Um dia desta semana, 5ª. ou 6ª. Feira, já não me recordo bem, quando de manhã fui ao quiosque para comprar “A Bola”, aproveitei, como faço habitualmente, para espreitar as primeiras páginas dos outros jornais, tendo reparado que o “24 Horas” dava grande destaque ao facto de António Fagundes, ou alguém ligado à produção da peça “Sete Minutos”, ter impedido que os espectadores que chegaram ao Teatro Tivoli depois da hora marcada para o início do espectáculo entrassem para a sala onde decorria a acção, dando origem a manifestações de protesto, que o jornal intitulou de “PEIXEIRADA”.
Ora, para além do aviso bem expresso no anúncio da peça (“ Pede-se a máxima pontualidade. Uma vez começado o espectáculo não será permitida a entrada na sala, excepto nos intervalos entre actos ou obras.“), trata-se de um princípio de respeito para com os actores, que já estão no palco a trabalharem, bem como para os restantes espectadores, que chegaram a tempo e horas, e que se vêem incomodados para cederem a passagem aos retardatários.
Assim, o meu grande, muito grande aplauso para António Fagundes, pela sua corajosa atitude, de combate ao nacional porreirismo dos que estão habituados a nunca respeitarem os horários, exemplo que deveria ser seguido em todas as salas de espectáculo.

sexta-feira, novembro 21, 2003

MÚSICA DO DIA, COM LETRAS

Hoje temos Carlos do Carmo (é uma repetição, porque não consegui a versão do Manuel Freire) a cantar "Pedra Filosofal", de António Gedeão (Rómulo de Carvalho, de seu verdadeiro nome, antigo professor de Física e Química no liceu Pedro Nunes).
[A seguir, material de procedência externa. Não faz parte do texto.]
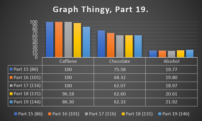 Fitness update and comparison: Another graph below to show the caffeine, chocolate and alcohol tracker. Picking up with day 6 after I stopped drinking coffee, it was more cravings, more aches, and then it was over. I’ve been tempted twice but held strong. My sleep has improved and aside from a day or two of tiredness, I feel really good. I can’t help but feel that my body has been propped up with caffeine for so long, it’s starting to readjust and demand more rest and food while it finds its natural equilibrium but, overall, the caffeine dropped by nearly 10% and I am feeling good.
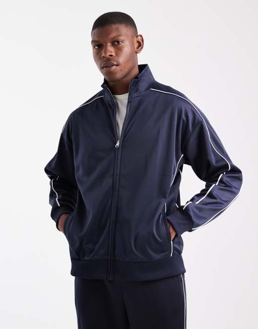 New Look tricot zip through tracksuit jacket in navy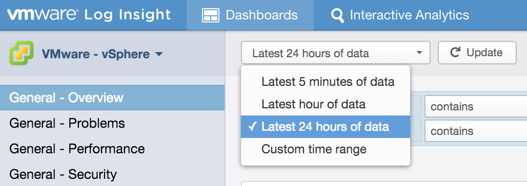 Content packs require data in a specific format to work properly. Content packs contain directions — either within Log Insight or from VMware Solution Exchange — which describe the steps and format in which data must be ingested. If you believe you have configured everything correctly and you are still not receiving results it may be because of the time range or because no results have actually been received for the defined widget. If you do experience an issue or have a question about a content pack, be sure to post it on the Log Insight Community.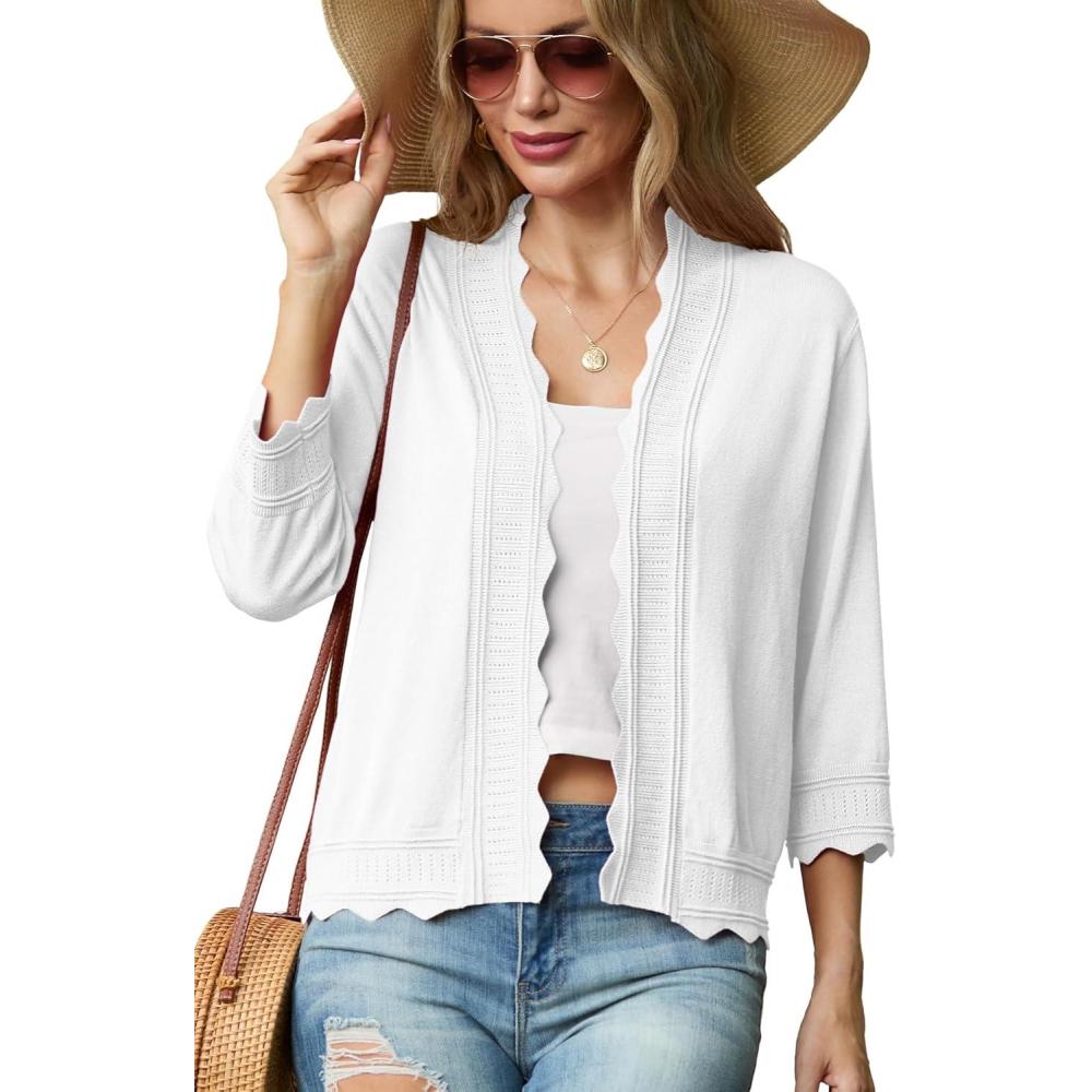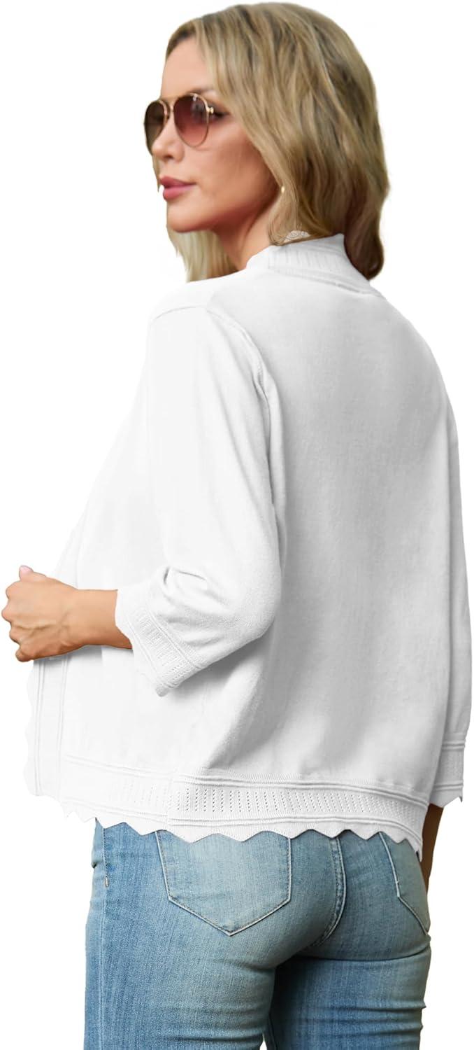 GRECERELLE Women's 3/4 Sleeve Summer Lightweight Knit Cropped Shrugs Cardigan Sweater(01 White)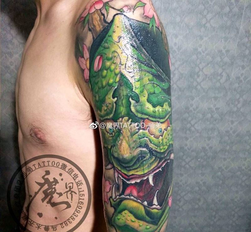 花臂(遮盖)纹身图片_手臂传统植物鬼神图腾原创成品纹身图案

Eles não sabem que o sonho
é uma constante da vida
tão concreta e definida
como outra coisa qualquer

como esta pedra cinzenta
em que me sento e descanso
como este ribeiro manso
em serenos sobressaltos

como estes pinheiros altos
que em verde e oiro se agitam
como estas árvores que gritam
em bebedeiras de azul

eles não sabem que sonho
é vinho, é espuma, é fermento
bichinho alacre e sedento
de focinho pontiagudo
que fuça através de tudo
no perpétuo movimento

Eles não sabem que o sonho
é tela é cor é pincel
base, fuste ou capitel
arco em ogiva, vitral

Pináculo de catedral
contraponto, sinfonia
máscara grega, magia
que é retorta de alquimista

mapa do mundo distante
Rosa dos Ventos Infante
caravela quinhentista
que é cabo da Boa-Esperança

Ouro, canela, marfim
florete de espadachim
bastidor, passo de dança
Columbina e Arlequim

passarola voadora
pára-raios, locomotiva
barco de proa festiva
alto-forno, geradora

cisão do átomo, radar
ultra-som, televisão
desembarque em foguetão
na superfície lunar

Eles não sabem nem sonham
que o sonho comanda a vida
e que sempre que o homem sonha
o mundo pula e avança
como bola colorida
entre as mãos duma criança


MÚSICA DO DIA, COM LETRAS

Hoje temos Dulce Pontes a cantar "O Infante", de Fernando Pessoa.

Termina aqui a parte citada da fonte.